In the aftermath of the Washington Naval Treaty and it's restrictions on battleship construction, the focus in construction of the major navies of the world shifted to
the cruiser. The Washington Treaty had no restrictions on the quantity of cruisers that each power could build. They could build as many as they could afford. The
only restrictions were qualitative. Displacement could not exceed 10,000-tons and the guns could not exceed 8-inches. The 1920s saw the powers grinding out
cruisers that were build to the maximum size allowed. For the Royal Navy it was the
County Class cruisers. They were just called cruisers at first since the division
between heavy cruisers and light cruisers based on gun size was a product of the London Treaty of 1930. The
County Class heavy cruisers were produced in three
batches. The largest batch was the first, called the
Kent Class. The Kent Class consisted of HMS Berwick, HMS Cornwall, HMS Kent, HMS Cumberland, HMS
Suffolk
, HMAS Canberra, and HMAS Australia. The second group was called the London Class and consisted of HMS Sussex, HMS Devonshire, HMS London,
and
HMS Shropshire, later HMAS Shropshire. The last group was called the Norfolk Class and consisted of HMS Dorsetshire, and HMS Norfolk. The British
cruisers were criticized in comparison to other countries design and appeared to be undergunned in comparison with a high freeboard, which made an attractive
target. However, the Royal Navy had world-wide commitments that required seakeeping ability necessitating a high freeboard.

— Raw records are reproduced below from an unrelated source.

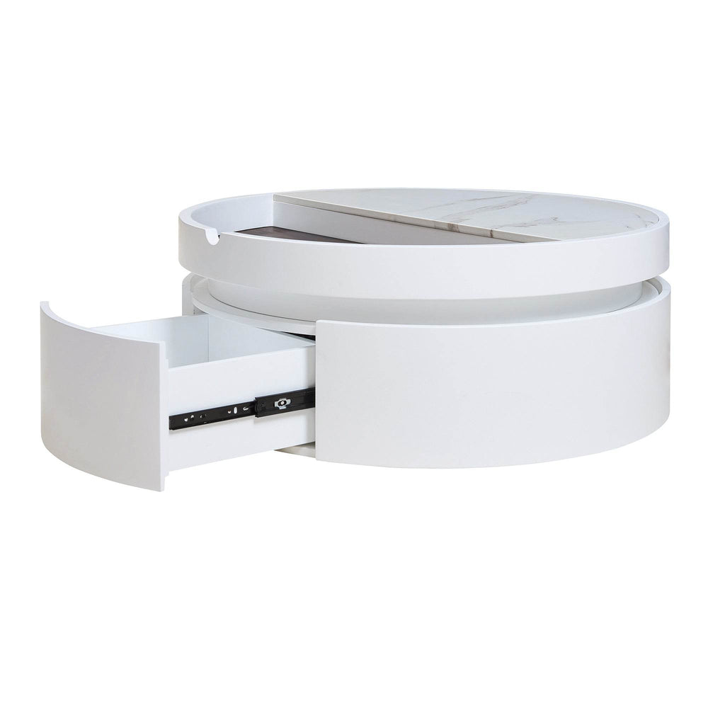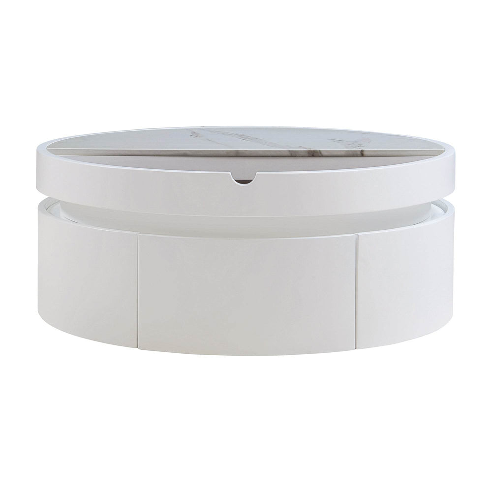 Modern White Walnut Round Lift-Top Coffee Table With Drawer
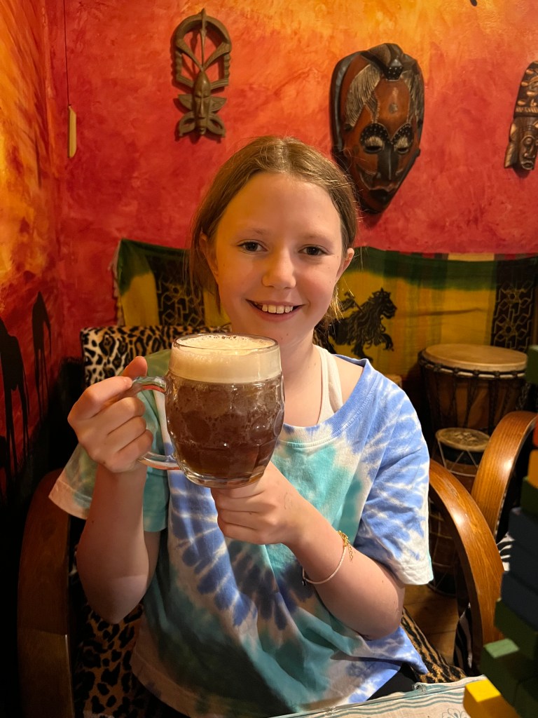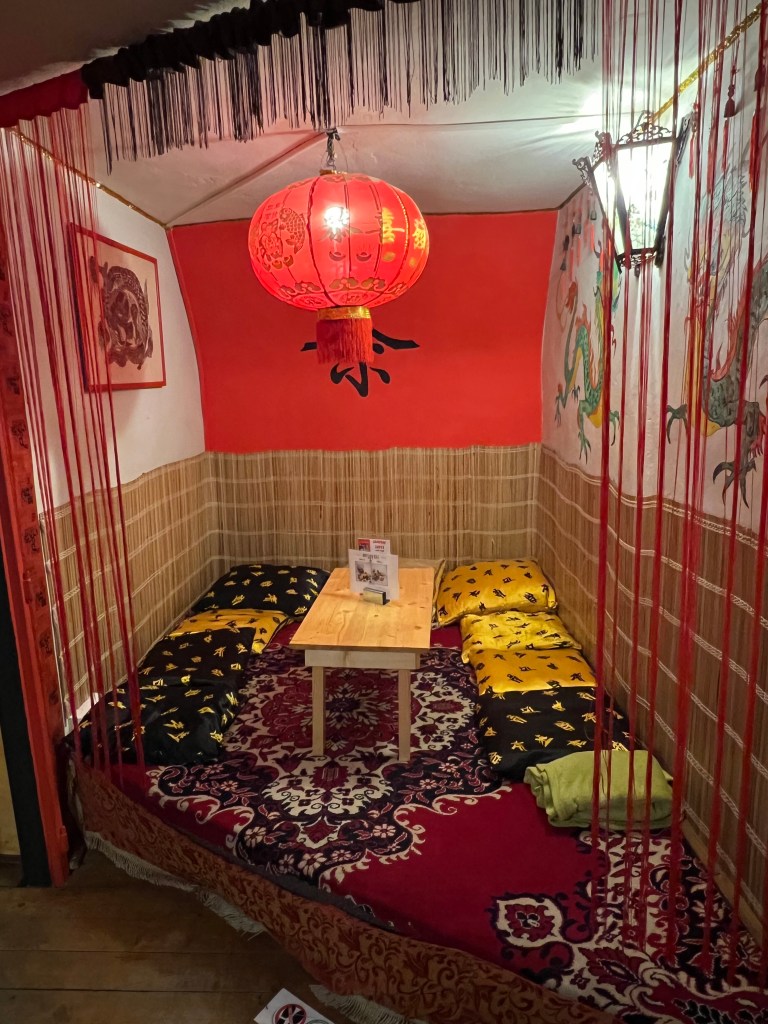 We heard that there was a tea room in an underground air raid shelter and we immediately put it on our list. Set out in a number of smaller rooms, it’s fun and quirky. Each room and seating area is themed around a different country and as it was almost empty when we went we were able to to really think about where we wanted to sit, we went for the Masai Mara seats. The tea menu is vast, hot and cold teas from all around the world. Andy and I weren’t very adventurous and went with traditional English Breakfast tea and Earl Grey but Pip decided to go for tea beer (not actual beer) which was a bit on an acquired taste.
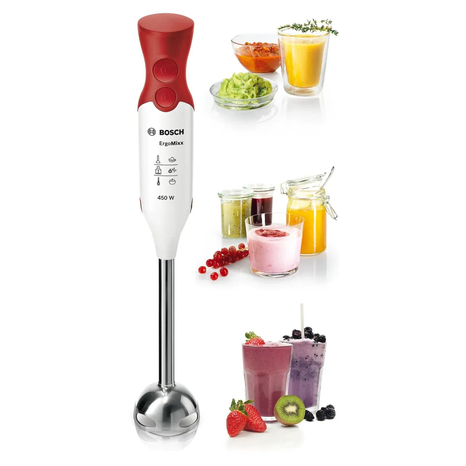 Блендер погружной BOSCH MSM64110, 450 Вт, 2 скорости, 1 насадка, стакан, белый/красный

Neptun Models of Germany makes largest and finest 1:1250 scale models of the warships of the different navies of World War Two. Neptun models come
prepainted in a monotone gray with small details painted in other colors.
Neptun does have two more expensive lines that have camouflage patterns, with the most
expensive line having rigging as well. The more expensive lines are limited to a comparative handful of ship classes.

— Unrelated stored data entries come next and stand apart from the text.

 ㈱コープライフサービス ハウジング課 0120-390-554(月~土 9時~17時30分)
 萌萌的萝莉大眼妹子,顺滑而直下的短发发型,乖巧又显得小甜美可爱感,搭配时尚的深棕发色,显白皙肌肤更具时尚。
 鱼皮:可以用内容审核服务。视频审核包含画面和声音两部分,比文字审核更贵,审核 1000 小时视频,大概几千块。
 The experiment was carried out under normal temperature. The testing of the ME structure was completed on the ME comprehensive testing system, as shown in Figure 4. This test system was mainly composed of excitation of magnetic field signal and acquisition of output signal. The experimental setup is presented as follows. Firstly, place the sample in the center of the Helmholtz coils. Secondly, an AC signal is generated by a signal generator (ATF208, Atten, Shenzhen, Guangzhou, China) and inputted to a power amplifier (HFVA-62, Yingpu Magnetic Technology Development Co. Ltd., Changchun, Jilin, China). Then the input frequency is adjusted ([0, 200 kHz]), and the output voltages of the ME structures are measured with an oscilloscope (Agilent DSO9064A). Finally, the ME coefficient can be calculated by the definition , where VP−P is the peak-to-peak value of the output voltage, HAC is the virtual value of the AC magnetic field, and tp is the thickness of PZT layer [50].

Neptun produces five different models of the
County Class heavy cruiser. Berwick and Suffolk from the Kent Class, Sussex and London from the London Class and Norfolk Class. The Neptun HMS Suffolk
(
Neptun 1134A) is the cruiser in its 1942 fit. The Suffolk was not overall gray in 1942 but instead wore a modified Admiralty Disruptive camouflage scheme using
507B, 507C and MS2 or MS3. One unique characteristic of the
Suffolk camouflage in 1942 was the white funnel tops with a thick black band separating the white
tops from the camouflaged lower part of the funnels. This was designed to make the funnels appear shorter that they really were. (
British and Commonwealth
Warship Camouflage of WWII
by Malcolm Wright at page 67)  The detail on this small metal model is phenomenal. The inclined ladders, although lacking hand rails
are not solid, blocky aztec steps but actually appear as ladders. The 1942 fit also has additional delicate antiaircraft guns with excellent thin barrels. The
Suffolk also
has the large block aircraft hangar aft that several of the
County Class carried. Suffolk received hers in a 1938 refit.